Homeowner Affordability and Stability Plan Calculator
(aka "Making Home Affordable")
Wow, the full details to
Pres. Obama's plan to help stop foreclosures and help homeowners
(Home Affordability and Stability Plan - HASP) have been
released, and already people are still complaining about the "free
bailout" for people who bought more than they can afford. That is not exactly
how the plan works, so here are some numbers to help everyone see the details
as they exist. Note that this calculator tries to cover both the loan modification
program (HAMP - Home Affordable Modification Program) and the refinancing
program (HARP - Home Affordable Refinance Program). You must try to figure
out the proper ridiculous government acronym for you!
- First, the plan will only work for loans which are a maximum
105% of the current market value of the home. If is it close, say 110% or 120%,
it is up to the lender to forgive part of the principal to reduce the loan
to within 105% LTV. Otherwise, the loan does not qualify. Remember, the
federal government is giving money directly to the lenders, not the
actual borrower, and any
lender with half a brain (which definitely does not include all lenders!)
would rather lower the required balance of the loan
by 5-10% so that a borrower qualifies for the program than to end up with
just another foreclosure to process. For many people, simply raising the
financing limit to 105% LTV (on Fannie Mae and Freddie Mac loans for property worth less than $729,250) will be all they need to refinance their loans to a new fixed
conventional loan they can afford with their current income (HARP).

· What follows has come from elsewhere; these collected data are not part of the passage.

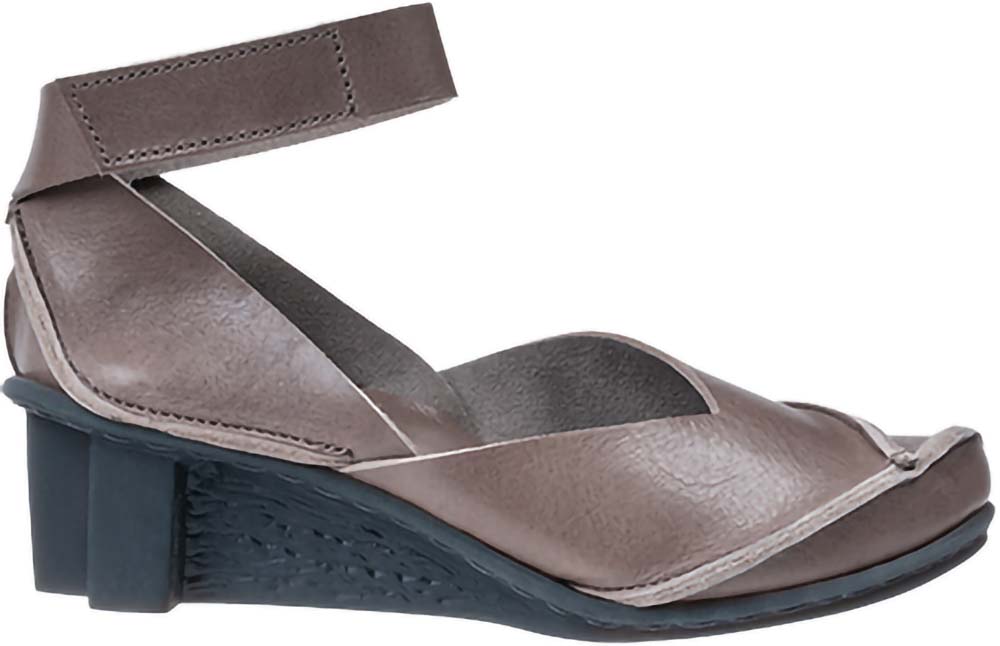 アシンメトリーなトップラインとベルクロのアンクルストラップを備えた、クラシックなパンプス。
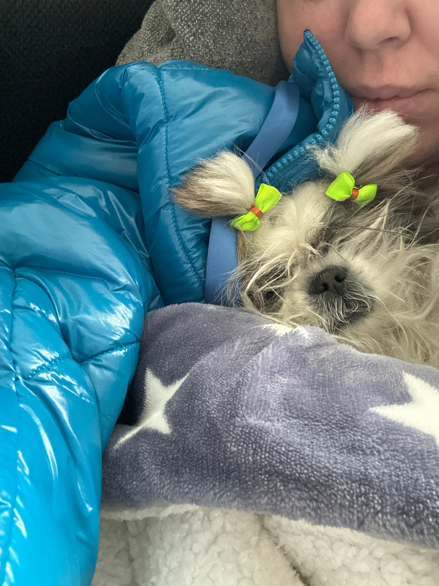 This close-up, high-angle shot captures a cozy and intimate scene featuring a small dog nestled comfortably indoors. The main subject is a shaggy-haired dog with light grey and white fur, prominently…read more
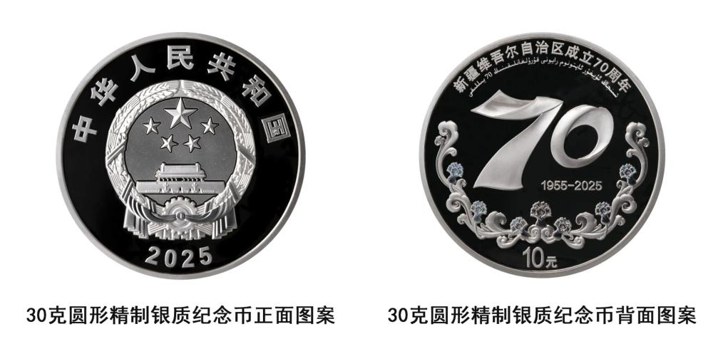 該套紀念幣正面圖案均為中華人民共和國國徽,并刊國名、年號;背面圖案均為新疆維吾爾自治區成立70周年慶祝活動標識,輔以石榴花、卷草紋裝飾組合設計,并刊“新疆維吾爾自治區成立70周年”國家通用語言文字、維吾爾文字樣及面額。
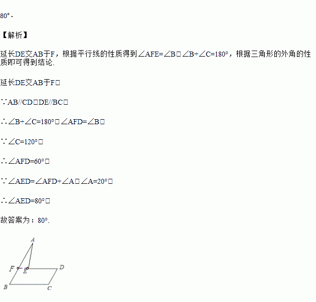 如图,已知AB∥CD,BC∥DE.若∠A=20°,∠C=120°,则∠AED的度数是________ .
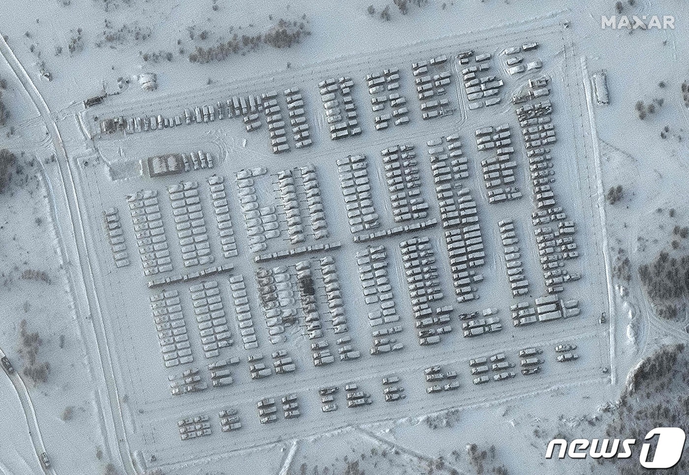 1일 (현지시간) 우크라이나 국경에 인접한 러시아 옐냐의 야전 캠프에 전투 차량이 대거 집결해 있는 모습이 보인다. © AFP=뉴스1 © News1 우동명 기자 |
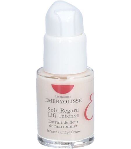 Embryolisse Soin Regard Lift-Intense 15 ml est un soin liftant intensif à la fleur de marronnier qui restructure toute la zone du regard. Il convient à tous les types de peaux, y compris aux contours des yeux sensibles.Il défroisse, comble les rides du contour de l'œil et densifie cette zone particulièrement fine. Sa formule défatigante effet lift réhausse les paupières et estompe les cernes et les poches. Le regard reposé semble agrandi, il retrouve fraîcheur et vitalité.Sans parfum.Testé sous contrôle dermatologique.98% des ingrédients sont d'origine naturelle.Fabriqué en France.Bénéficesl'acide hyaluronique, aux propriétés hydratantes et fixatrices d'eau, actions lissantes et repulpantes,l'extrait de fleur de marronnier Bio, liftant-défatigant,l'extrait de litchi à l'action raffermissante,l'huile d'onagre pour apporter confort, souplesse et douceur.ApplicationAppliquer matin et soir sur le contour des yeux et les paupières. Pour un effet lift-paupières, lisser vers le haut, du coin de l'œil jusqu'à la pointe du sourcil.IngrédientsAqua (Water), Isostearyl Isostearate, Glycerin, Cetyl Alcohol, Butyrospermum Parkii (Shea) Butter, Cetearyl Alcohol, Hydrogenated Coconut Oil, Fructose, Cetearyl Glucoside, 1,2-Hexanediol, Caprylyl Glycol, Carbomer, Xanthan Gum, Aesculus Hippocastanum (Horse Chestnut) Extract, Sodium Hydroxide, Oenothera Biennis (Evening Primrose) Oil, Tocopheryl Acetate, Maltodextrin, Sodium Hyaluronate, Nephelium Lappaceum Leaf Extract, Tropolone, Potassium Sorbate, Citric Acid. ...
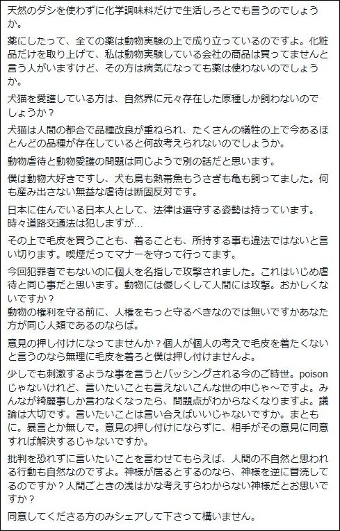 行ってきたことをなぜ否定するのかと、網野氏は反論した。そして、画像に写っているコートはフェイクファーであることも
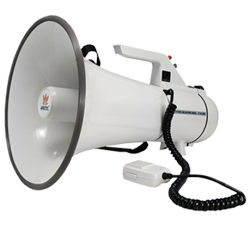 Inter-M AT-M140BCA - мощная портативная сирена-мегафон с питанием от 8 батарей типа 'C' (12 В) или внешнего адаптера (10-13,8 В). Номинальная мощность 25 Вт, максимальная - 40 Вт. Габариты Ø300×443 мм, вес 2,64 кг. Дальность оповещения: 110 м в городе, 350 м на открытой местности. Работает до 5 часов от батарей, имеет линейный аудиовход и встроенный генератор сирены.
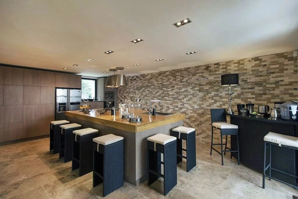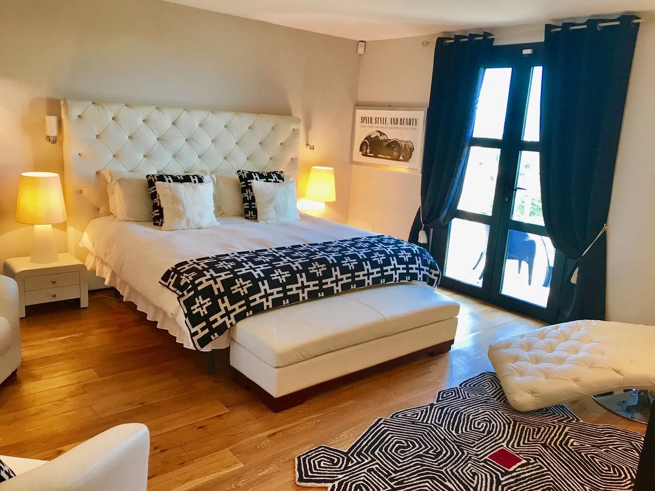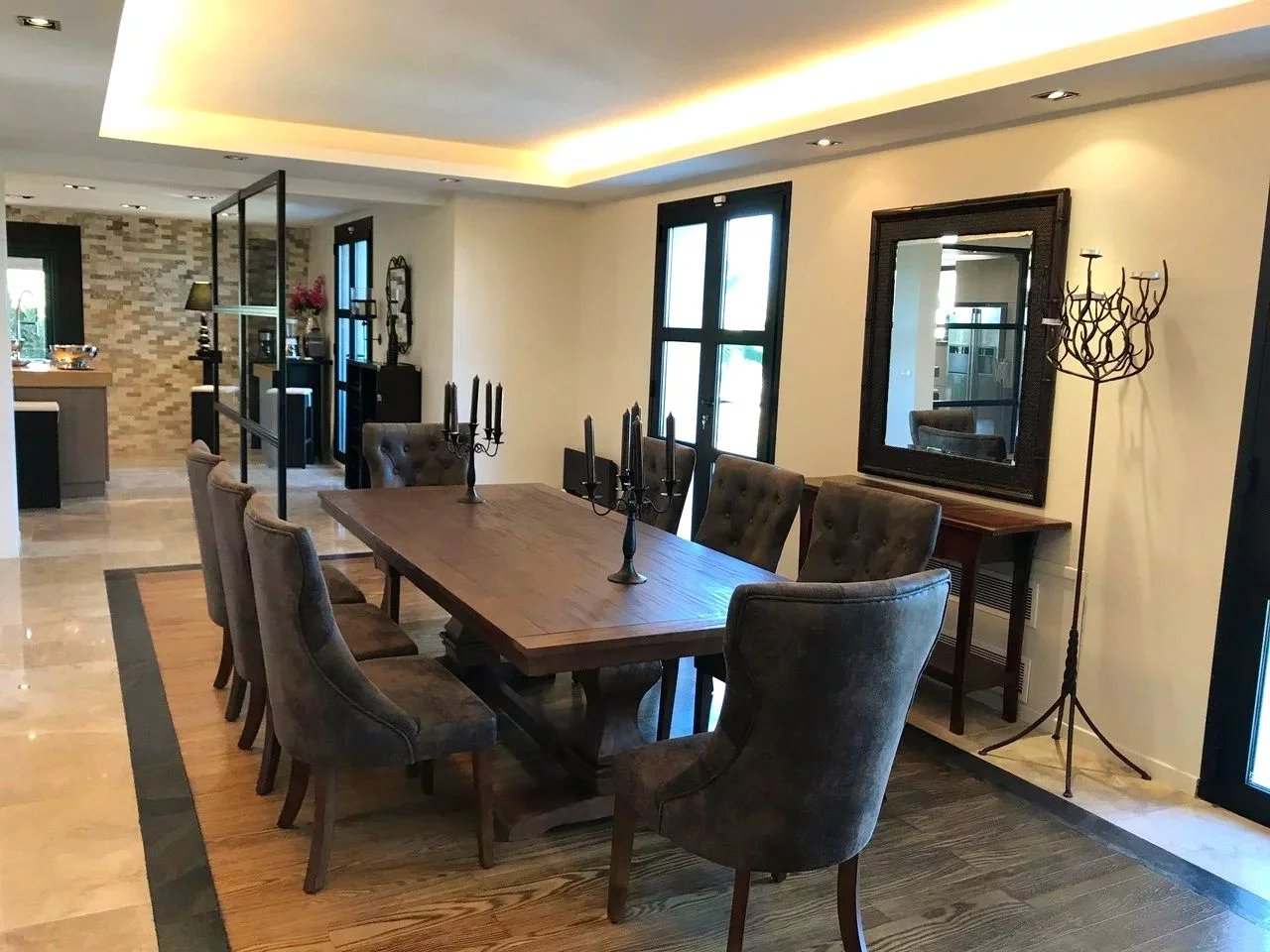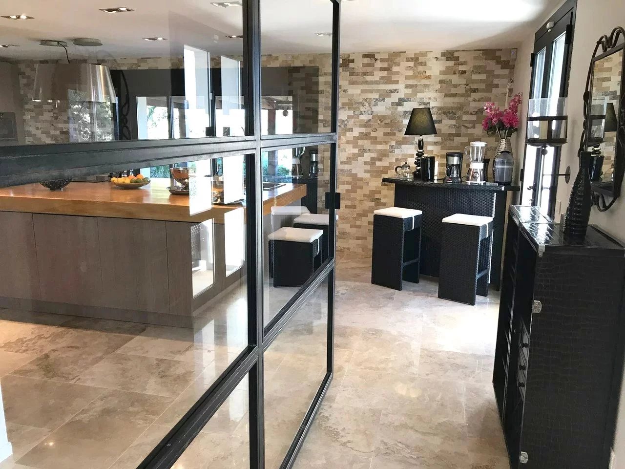 It features on the bottom floor; a vast entrance-hall, a living-room opening onto the terrace and the pool, a dining/ meetingroom , a vast kitchen with bar and dining area, one bedroom with a shower-room.

- For people who could not qualify for a conventional refinance with a
105% LTV loan, the next step is loan renegotiation (also known as loan
modification - HAMP).
The lender must renegotiate the loan with the borrower so that the new
total payment is no more than 38% of their total household income. This will
be done by lowering the mortgage rate (to a minimum of 2%), and using a longer
loan term (expect to see plenty of 40 year loans being used!). The lender can
also further reduce the principal balance of the loan, but that is up to the
lender to decide. If the
borrower does not have sufficient income for 38% of it to cover the loan, they
are out of luck. So anyone who lost a job is probably not going to benefit,
unless their spouse's income is sufficient to pay the renegotiated loan.
- Finally, if the lender and borrower have reached an agreement where 38%
of the borrower's income will cover the loan, that is when the federal
government comes in. The fed will cover one half of the difference to bring the final
payment seen by the borrower to 31% of their income (the lender must lose the other half of the difference). So this is where the $75
billion is spent, paying half the "spread" between the 38% monthly payment and the
31% payment. This is the incentive for the lender to negotiate a favorable loan
with a delinquent or struggling borrower. The federal money is guaranteed "free"
money from the federal government to the lender if they can work with the
borrower to set up a loan they can afford using the 31% of income criteria.